ステイホームのGWこそが、歴史時代小説という知的な「武器」を手に入れる大チャンス! その道標として、いま最も注目を集める気鋭の歴史小説家7人が「初心者にお勧めの短篇」「ビジネスに役立つ歴史小説」「自身が偏愛してきた作品」などを縦横無尽にご案内します。お話いただいたのは、谷津矢車さん、武川佑さん、澤田瞳子さん、木下昌輝さん、川越宗一さん、今村翔吾さん、天野純希さんの7名です。(全4回の2回目。1、3、4回目を読む)
◆ ◆ ◆
マイナーな登場人物たちにも魅力がある
――若手の実力派作家として注目されている皆さんが、かねてから偏愛してきた小説を教えてください!
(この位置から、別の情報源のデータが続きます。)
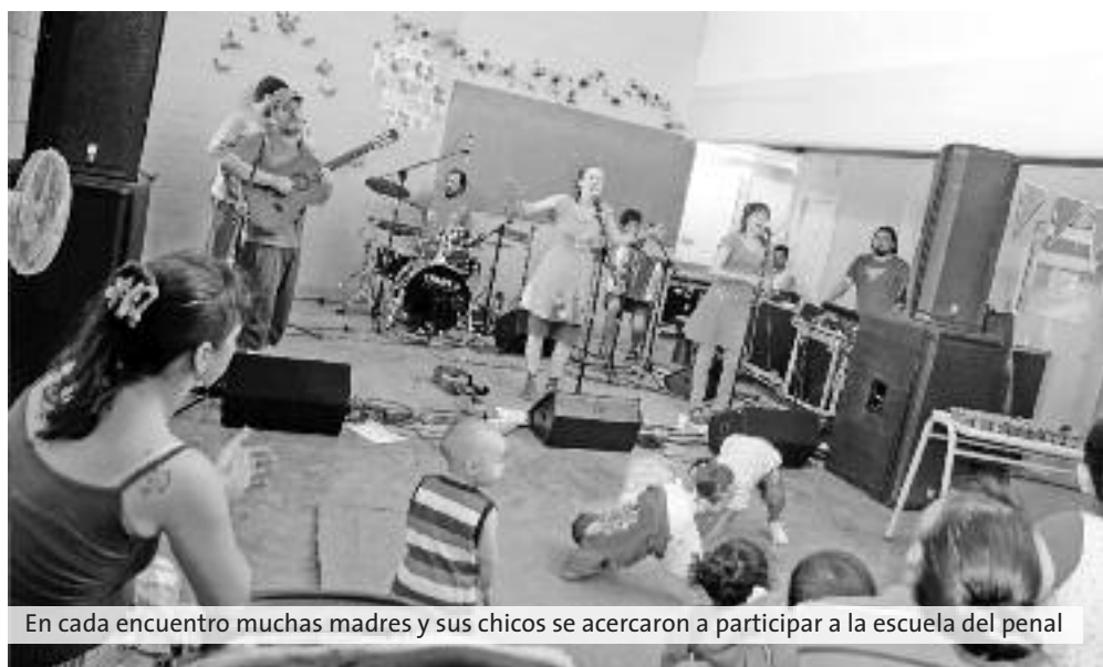
En cada encuentro muchas madres y sus chicos se acercaron a participar a la escuela del penal
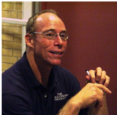
Historic Quotes shared with filmmakers

谷津 たくさんあるんですけど、あえて一冊挙げるなら、岡本綺堂版『番町皿屋敷』(青空文庫ほか)です。「番町皿屋敷」は「播州皿屋敷」という元ネタがあって、時代を経るごとにエピソードが付け加えられていったんですが、本作では岡本綺堂がすごくうまい読み替えをしています。内容はネタバレになるので言えませんが、「播州皿屋敷」からの流れを頭に含んだうえで読むとすごく楽しい。読み手側の教養を問う小説ではありますが、それだけに一生楽しめる本だと思います。僕は毎年、元日にこの本を必ず読むようにしてるんですよ。
川越 書き初めならぬ、読み初め(笑)。僕が挙げたのは沖縄の戦後史を描いた、真藤順丈さんの直木賞受賞作『宝島』(講談社)です。2020年現在から見ると、歴史ものとして扱っていいんじゃないかと。その時代の人ならではの大変さが詰まっているけど、読後感が良いんですよ。
澤田 海外の歴史を扱ったものですけれど、皆川博子さんの『総統の子ら』(集英社文庫)が座右の書です。最初は国のことなど考えず、個々の事情で頭がいっぱいだったヒトラーユーゲント(少年団)の少年たちが、当時の世の中の動きに否応なしに巻き込まれ、結果敗戦に立ち会うという、大きな流れが大好きです。皆川さんの作品は全部好きなんですが、戦前生まれの皆川さんご自身の体験が物語の中に投影されているのが本当にすごくて。
木下 『坂の上の雲』(文春文庫)です。司馬作品ってよくよく考えると、小説として規格外な部分が多いんですね。たとえば、この作品ではロシアのバルチック艦隊が来るところを、おそらく原稿用紙100枚くらい費やして書いてるんですけど、それは延々、船底の貝殻を取る話なんですね。
今村 フジツボを取るシーンやね。
木下 三行で済むんじゃないかというところを、膨らませるんです。そんな小説らしくないことをしてるんだけど、面白いんですよ。また司馬遼太郎で申し訳ないんですが(笑)。
今村 木下さんが司馬作品を挙げたので、僕は池波正太郎さんの『鬼平犯科帳』(文春文庫)を。池波さんがお亡くなりになって30年経つのに、いまなお愛されている。入院してるおじいちゃんも部屋にいつも『鬼平犯科帳』を積んでますから。僕自身も何度も読み返してますし、シリーズものを書くときの教科書にしています。池波さんは“鬼平”“梅安”“剣客”といった時代ものと『真田太平記』(新潮文庫)のような歴史ものの両方を書かれてる、実は珍しいタイプの小説家だと思うんですね。池波さんから小説に入ったので、僕も歴史ものと時代ものの両方を自然と書くようになりました。